* WHAT YOU SHOULD DO
Transcribe exactly the lines that fall between the one holding "讲座主题为餐桌上的植物学,张" and the one holding "3、进入视频模板库,浏览涵盖", inclusive, from the entries below.

* PROVIDED MATERIAL
•••
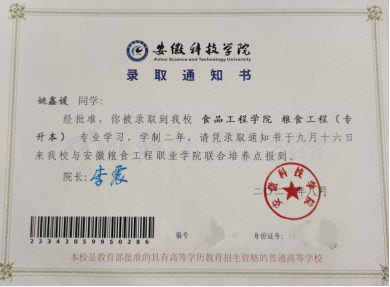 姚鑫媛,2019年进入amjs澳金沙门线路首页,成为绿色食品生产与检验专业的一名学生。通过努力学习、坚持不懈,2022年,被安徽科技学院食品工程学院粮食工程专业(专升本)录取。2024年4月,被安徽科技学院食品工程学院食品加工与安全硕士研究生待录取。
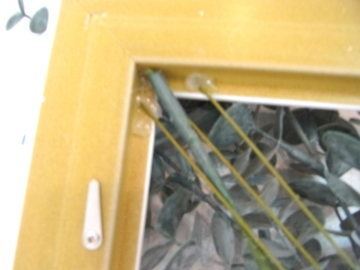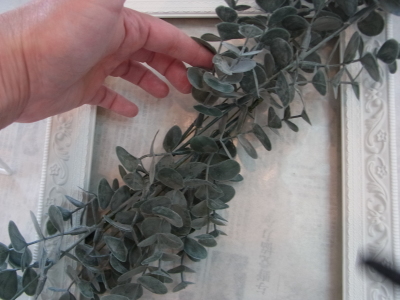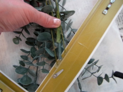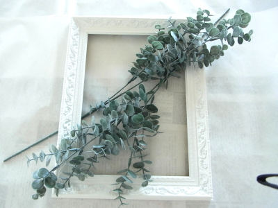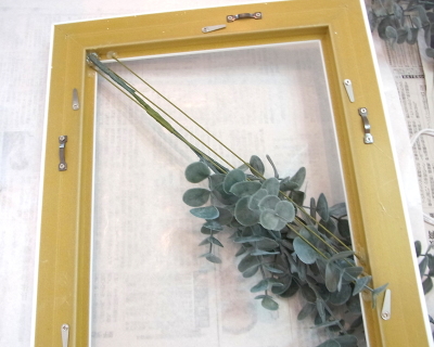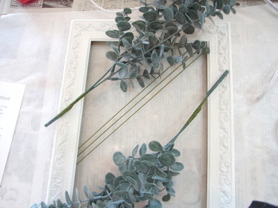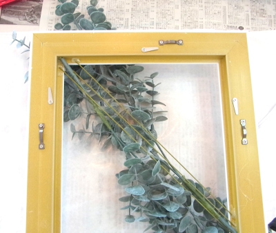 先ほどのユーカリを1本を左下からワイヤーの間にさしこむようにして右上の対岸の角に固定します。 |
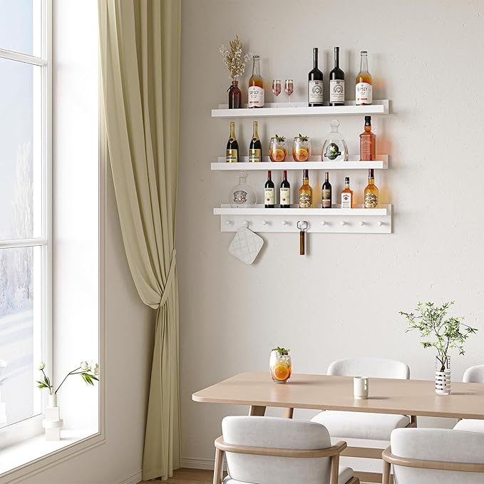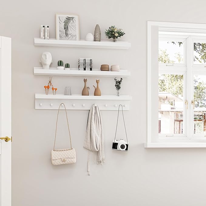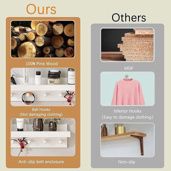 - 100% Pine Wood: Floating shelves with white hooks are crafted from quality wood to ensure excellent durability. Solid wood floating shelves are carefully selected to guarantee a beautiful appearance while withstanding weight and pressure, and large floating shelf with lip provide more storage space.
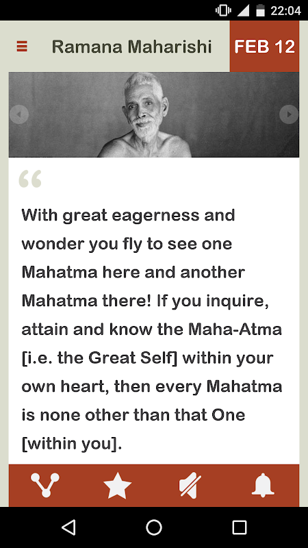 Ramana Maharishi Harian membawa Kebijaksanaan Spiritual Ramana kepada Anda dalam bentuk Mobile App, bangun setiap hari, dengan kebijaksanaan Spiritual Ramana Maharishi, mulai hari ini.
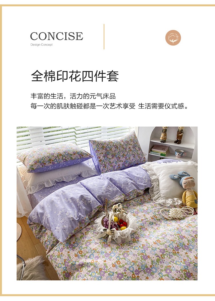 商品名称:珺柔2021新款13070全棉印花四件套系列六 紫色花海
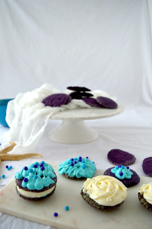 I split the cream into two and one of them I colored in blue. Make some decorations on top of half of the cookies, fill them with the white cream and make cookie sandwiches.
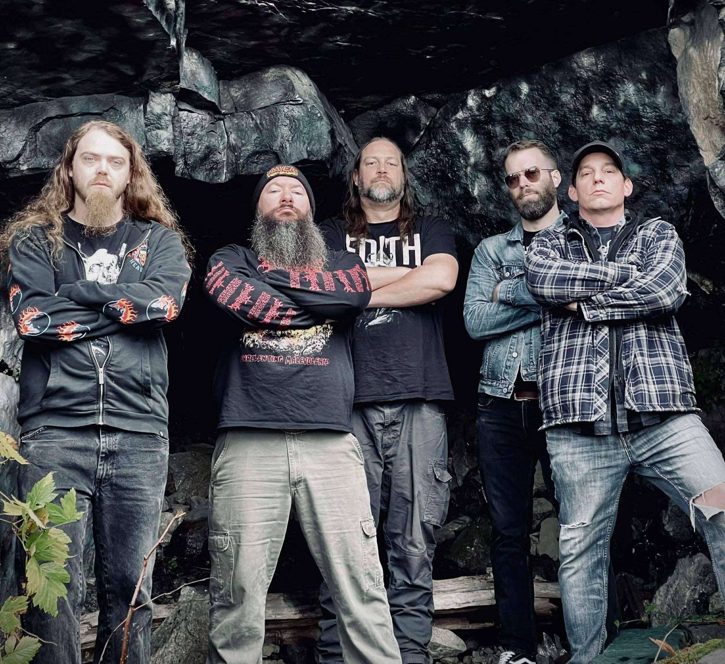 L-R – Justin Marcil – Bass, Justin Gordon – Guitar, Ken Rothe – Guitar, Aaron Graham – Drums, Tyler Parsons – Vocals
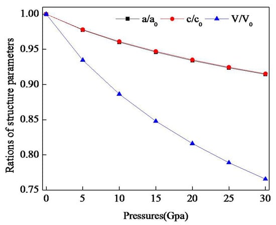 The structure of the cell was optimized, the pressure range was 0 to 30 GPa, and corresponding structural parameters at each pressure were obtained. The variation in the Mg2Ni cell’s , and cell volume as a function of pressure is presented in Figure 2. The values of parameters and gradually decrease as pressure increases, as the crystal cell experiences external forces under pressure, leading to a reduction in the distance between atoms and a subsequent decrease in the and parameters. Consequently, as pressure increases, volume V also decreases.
•••
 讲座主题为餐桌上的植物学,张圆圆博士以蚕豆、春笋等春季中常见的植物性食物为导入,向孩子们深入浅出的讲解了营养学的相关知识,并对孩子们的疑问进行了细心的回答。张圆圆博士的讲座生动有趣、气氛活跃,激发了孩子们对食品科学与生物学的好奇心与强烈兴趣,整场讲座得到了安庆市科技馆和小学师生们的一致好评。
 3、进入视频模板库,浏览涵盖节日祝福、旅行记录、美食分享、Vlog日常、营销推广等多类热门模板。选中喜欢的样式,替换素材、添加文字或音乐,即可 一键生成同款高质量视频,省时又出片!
•••
* EXERCISE RESULT
 讲座主题为餐桌上的植物学,张圆圆博士以蚕豆、春笋等春季中常见的植物性食物为导入,向孩子们深入浅出的讲解了营养学的相关知识,并对孩子们的疑问进行了细心的回答。张圆圆博士的讲座生动有趣、气氛活跃,激发了孩子们对食品科学与生物学的好奇心与强烈兴趣,整场讲座得到了安庆市科技馆和小学师生们的一致好评。
 3、进入视频模板库,浏览涵盖节日祝福、旅行记录、美食分享、Vlog日常、营销推广等多类热门模板。选中喜欢的样式,替换素材、添加文字或音乐,即可 一键生成同款高质量视频,省时又出片!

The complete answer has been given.